The findings of this research highlight that the efficacy of UV₂₅₄ as an inactivation technique varies significantly by surface type. Information regarding surface type and characteristics must be included in the development of validation protocols for UV surface inactivation technologies. Understanding the key mechanisms responsible for viral retention, recovery, and inactivation is critical to developing better strategies for UV₂₅₄ inactivation of surfaces.

The k values were calculated from the polynomial trendlines displayed in Figure 3, Figure 4 and Figure 6. Polynomial trendlines help to illustrate the different regions of the UV dose-response curves (shoulder, exponential and tailing) [19]. However, the maximum inactivation rates also provide valuable information about the behavior of the virus, as they exclude the effects of tailing. The k values from both types of trendlines are shown in Table 3. The maximum inactivation rates are higher than the k values reported for the full dose-response curves, as they only represent the inactivation of the accessible virus. Mattle et al. [24] studied the effects of tailing during UV₂₅₄ inactivation of MS-2 bacteriophage. The authors found that after exponential decay, the inactivation rate decreases due to clumping (aggregation) and recombination. Our data reiterates these findings. The surface characteristics, such as porosity likely increased the shielding of the virus. This can be observed by the significant tailing shown in Figure 3. The effects of surface characteristics are discussed in detail below.

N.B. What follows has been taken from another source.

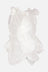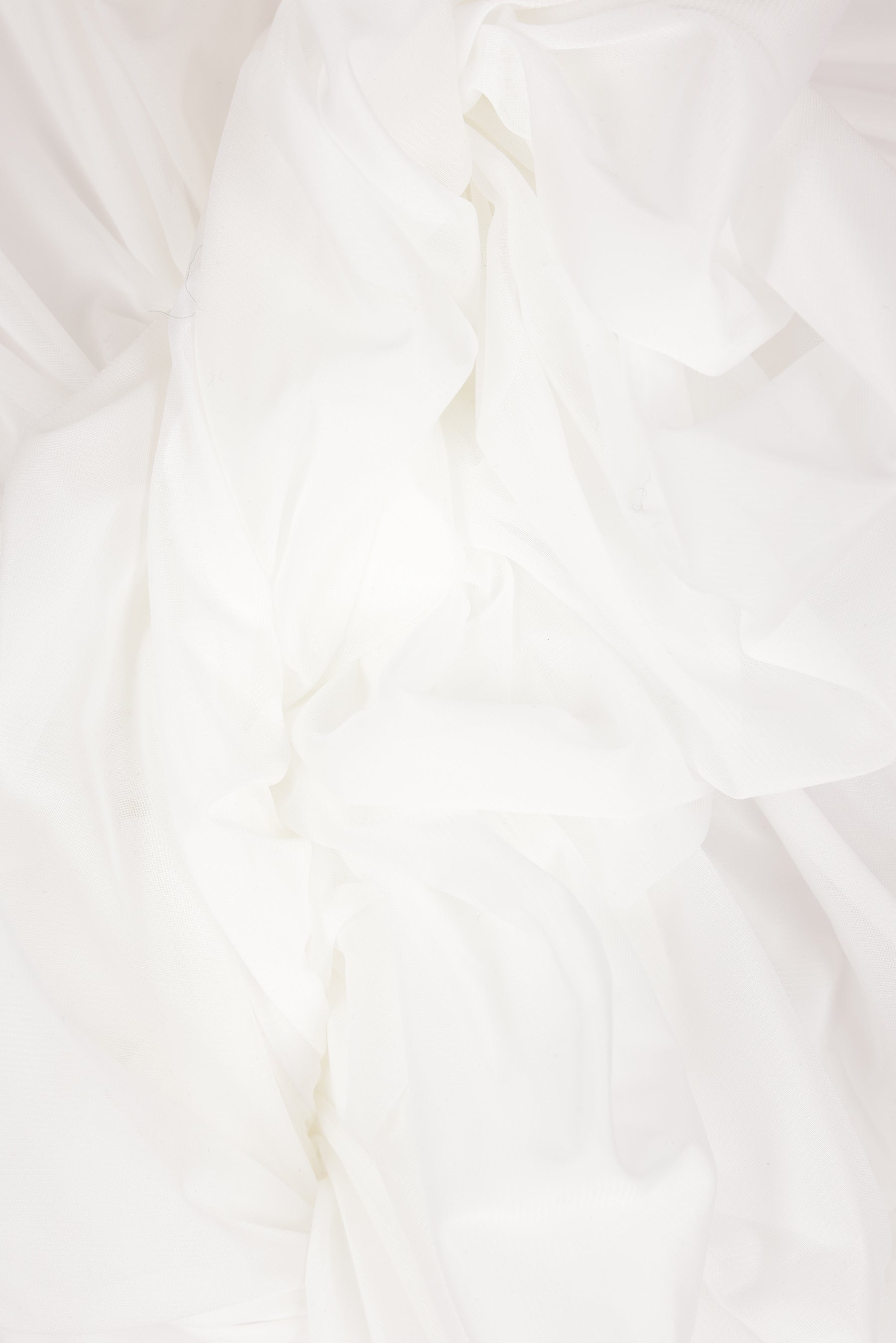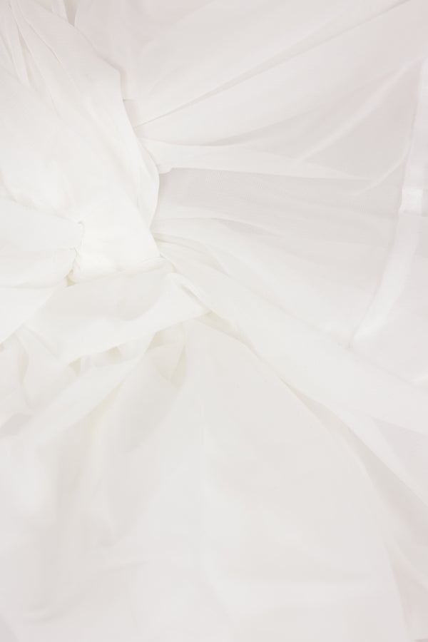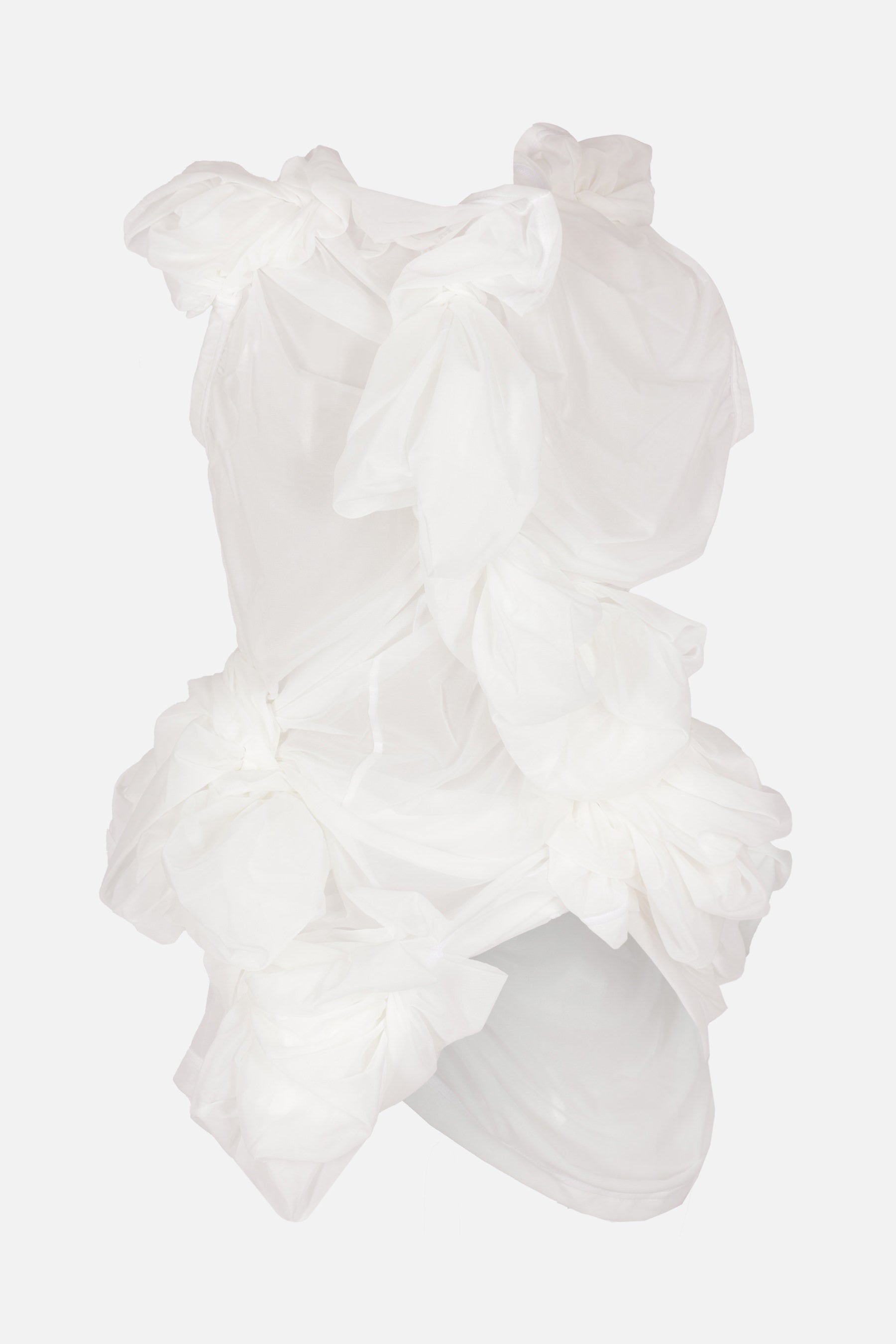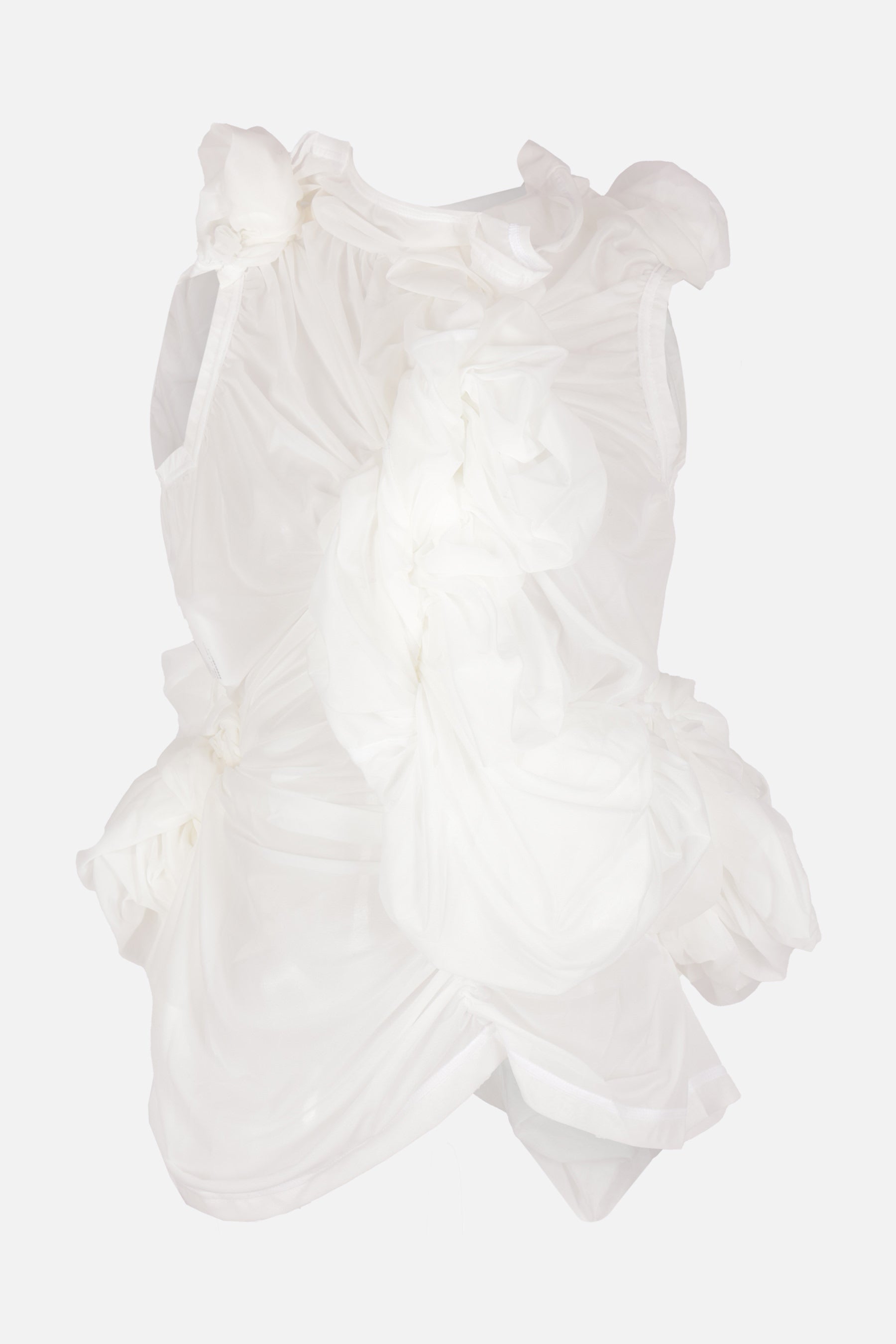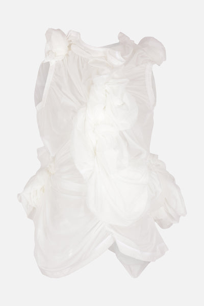 Comme des Garçons sleeveless top made from white chiffon. Features an asymmetric neckline, ruched design with ruffles, and asymmetric hem.

The aluminum results (Figure 2) were most surprising, as the UV industry has a long history of using aluminum materials. It was determined by the positive control data that viral surface interactions are the causal mechanism for MS-2 bacteriophage removal/inactivation, which can be explained by data from the literature [25,26,27]. The highly oxidized aluminum surface which resulted from repeated autoclaving yielded a very porous and reactive material for virus sorption. Interactions between viral particles and charged surfaces are dominated by their electrostatic attraction. Due to the strong positive charge of aluminum [25], it is likely that an electrostatic force between the virus and the surface creates a strong adsorptive bond, thus affecting viral recovery [26].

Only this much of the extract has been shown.